Entries provided:
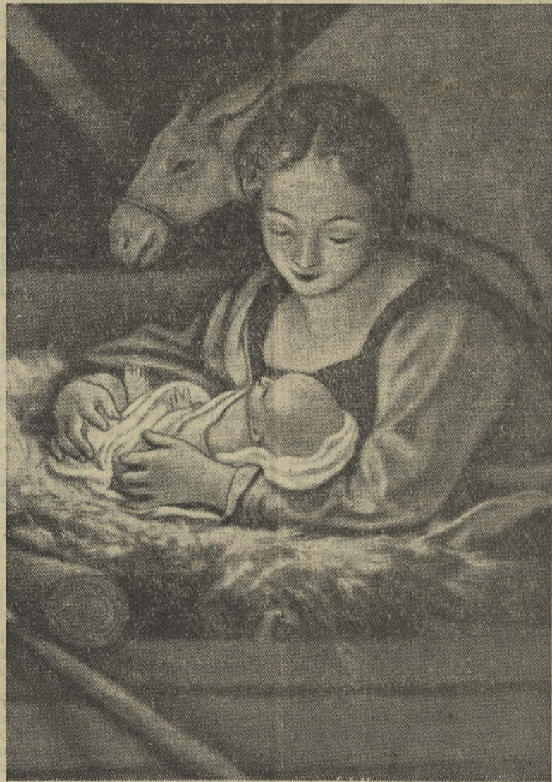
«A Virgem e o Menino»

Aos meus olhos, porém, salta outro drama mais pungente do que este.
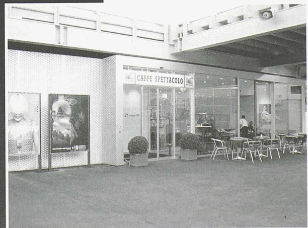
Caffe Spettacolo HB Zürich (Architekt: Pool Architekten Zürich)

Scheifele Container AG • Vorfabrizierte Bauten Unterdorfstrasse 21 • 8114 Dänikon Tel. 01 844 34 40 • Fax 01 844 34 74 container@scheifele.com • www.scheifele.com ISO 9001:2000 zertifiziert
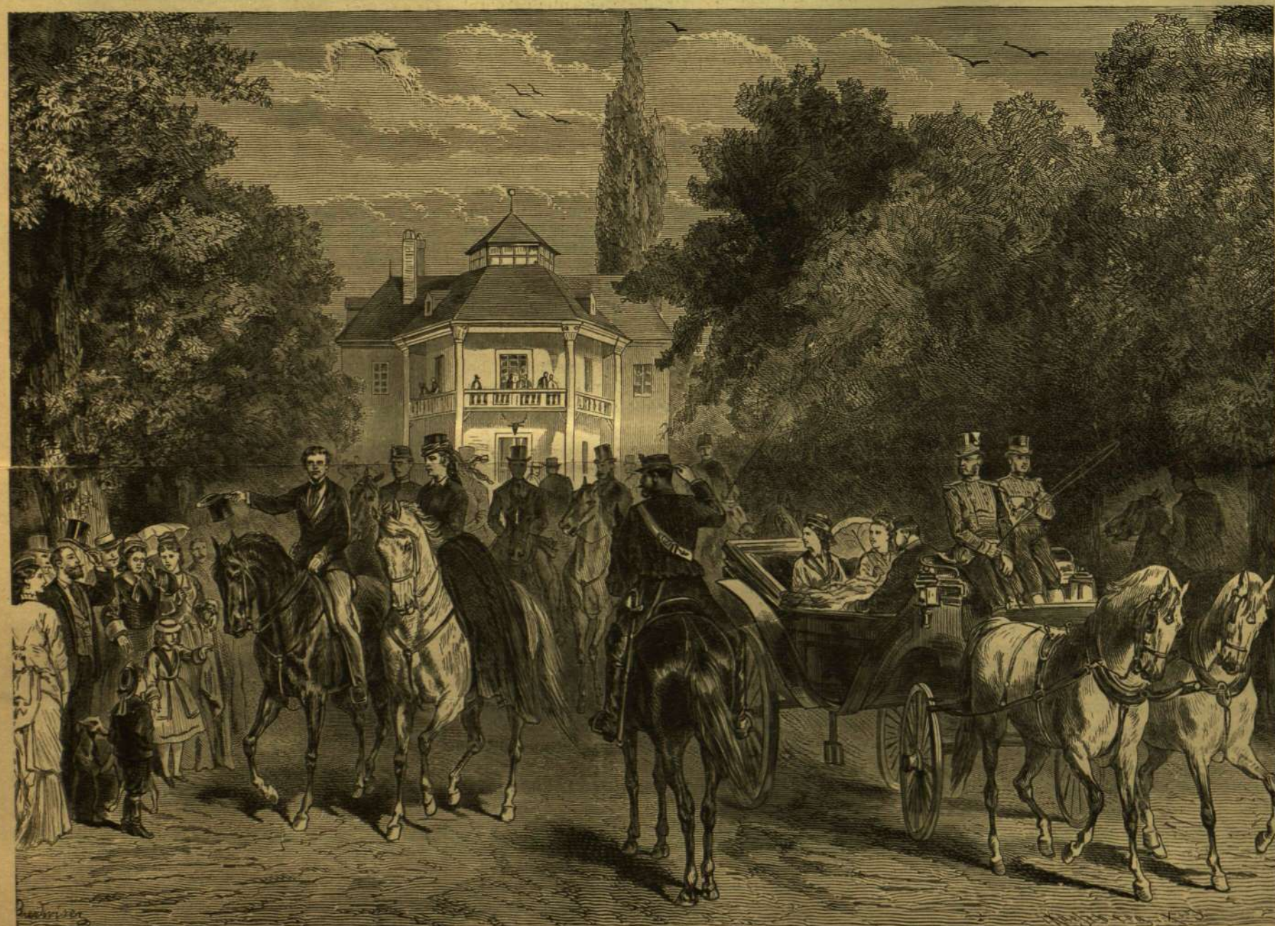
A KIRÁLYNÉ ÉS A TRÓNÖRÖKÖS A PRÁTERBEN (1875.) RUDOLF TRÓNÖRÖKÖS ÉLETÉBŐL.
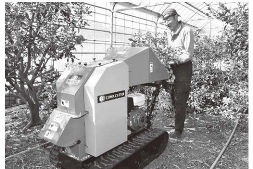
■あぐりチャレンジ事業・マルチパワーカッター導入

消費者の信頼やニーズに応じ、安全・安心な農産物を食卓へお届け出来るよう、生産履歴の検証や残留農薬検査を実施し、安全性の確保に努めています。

What is expected: Exact copy, no pictures: please print the data above once more.

Exercise answer:
«A Virgem e o Menino»

Aos meus olhos, porém, salta outro drama mais pungente do que este.
Caffe Spettacolo HB Zürich (Architekt: Pool Architekten Zürich)

Scheifele Container AG • Vorfabrizierte Bauten Unterdorfstrasse 21 • 8114 Dänikon Tel. 01 844 34 40 • Fax 01 844 34 74 container@scheifele.com • www.scheifele.com ISO 9001:2000 zertifiziert
A KIRÁLYNÉ ÉS A TRÓNÖRÖKÖS A PRÁTERBEN (1875.) RUDOLF TRÓNÖRÖKÖS ÉLETÉBŐL.
■あぐりチャレンジ事業・マルチパワーカッター導入

消費者の信頼やニーズに応じ、安全・安心な農産物を食卓へお届け出来るよう、生産履歴の検証や残留農薬検査を実施し、安全性の確保に努めています。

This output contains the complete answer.